Not sure I'll ever get into mono the way a lot of people do.

There are four names above galleries on that page. I looked through the first two and *to me* there were very few that made sense being b/w - they would have been as good or better in colour.

When I got to the third name (Brian T.) I thought most of them are more dramatic in mono and enjoyed a lot of the pictures. The fourth name I thought was 50/50 better for being mono.

Thanks for the link - was interesting viewing.

(wonder if this is where someone says the first two names are famous for great b/w photography)
:getmecoat
 
I've never heard of any of them - check out Edward Weston for good B&W landscapes - no way would they look better in colour - the whole graphic content of the image would be compromised by clour.

B&W works best when the idea of the image is to present a stylistic or graphic feel to an image. Sometimes the colour distracts from the shape and form.
There's room for both, but you have to decide before you take the image what it's going to end up as, not simply look at it on the monitor and think "maybe it'll work in mono..."

When I used B&W film in my camera, I looked at the world differently to when I had colour film in it. You look for shapes and textures rather than colours; you look at the tonal content of a scene, not at the hues.

When Spielberg filmed Schindler's List, the wardrobe department had a nightmare of a time, because colours that complimented each other 'in colour', didn't compliment each other in black and white - a certain tone of green, might be the same 'grey' as a certain tone of brown or red,, for example...
In the end, people were wearing really wierd combinations of colours, because the final result 'looked right' in B&W.

You have to go out with the view of taking mono images from the start... then it works, then it may start making sense.
 
Arkady said:
B&W works best when the idea of the image is to present a stylistic or graphic feel to an image. Sometimes the colour distracts from the shape and form.
There's room for both, but you have to decide before you take the image what it's going to end up as, not simply look at it on the monitor and think "maybe it'll work in mono..."

When I used B&W film in my camera, I looked at the world differently to when I had colour film in it.

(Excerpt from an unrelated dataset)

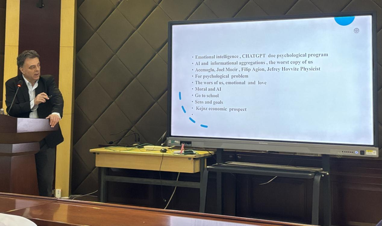讲座围绕情商在人工智能时代的意义与挑战展开深入探讨。Ljubomir Kekenovski教授指出,情商不仅关乎个体情绪识别、理解与管理的能力,更涉及人际互动中的同理心、自我觉察与情绪调节,是当代领导者与组织发展中不可或缺的素质。他强调,在技术沟通日益主导的今天,人际交往中的情感维度正面临被削弱的风险,注重人的全面发展与长期绩效,而非仅追逐短期利润。他还进一步剖析了现代社会中情商发展受阻的结构性原因,指出资本主义逻辑、心理机制与社会形态的交互影响,正在无形中塑造着人们的认知与行为模式。

You look for shapes and textures rather than colours; you look at the tonal content of a scene, not at the hues.

You have to go out with the view of taking mono images from the start... then it works, then it may start making sense.

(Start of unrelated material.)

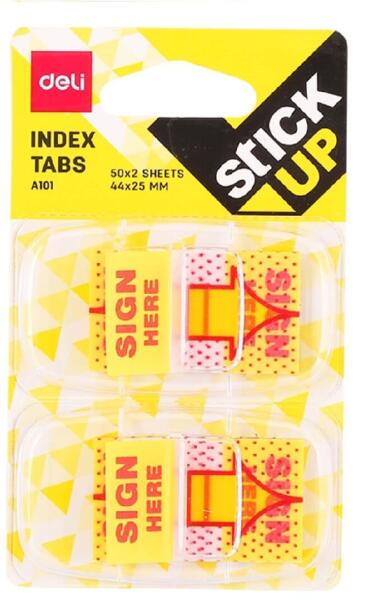 Olyan műanyag öntapadós indexet keres, amely rendszerezi dokumentumait, és feladja az elveszett lapokat a házban vagy az irodában? Nagyon praktikus terméket szeretne dokumentumok rendszerezéséhez? Olyan terméket ajánlunk, amely minden igényt biztosan kielégít, mégpedig a Deli Stick Up műanyag ragasztó indexeket, amelyek 44x25 mm-esek, és egy csomagban 2x50 lap. A jegyzeteket és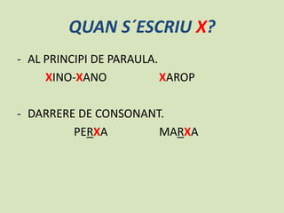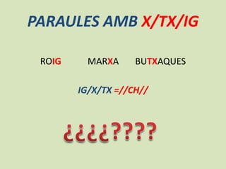 This document discusses Catalan spelling rules for the letter combinations X/TX/IG. It states that X is written at the beginning of words like "Xino-Xano" and "Xarop" or after consonants like in "Perxa" and "Marxa". TX is written between vowels as in "Caputxa" and "Dutxa", and sometimes at the end of words if derivatives also contain TX, like "Sanvitx". IG is written at the end of words if derivatives are spelled with G/J/TG/TJ, such as "Roig" and its derivative "Rogen".

Good advice is that :thumb:
 
minimeeze said:
Some inspiring B&W shots:

http://www.justmono.com/

You tease you ;

Following on from Robs' comments, B&W IMO is harder to shoot well than colour. Without the distraction of colour you immediately concentrate on texture, composition & tones. That's the attraction for me anyway :thumb:
 
Edited.
Duplicated post (my earlier one dissapeared on me then suddenly reappeared)
I've been having screwy log in problems today too.
 
whats happening Steve, PM me your issues?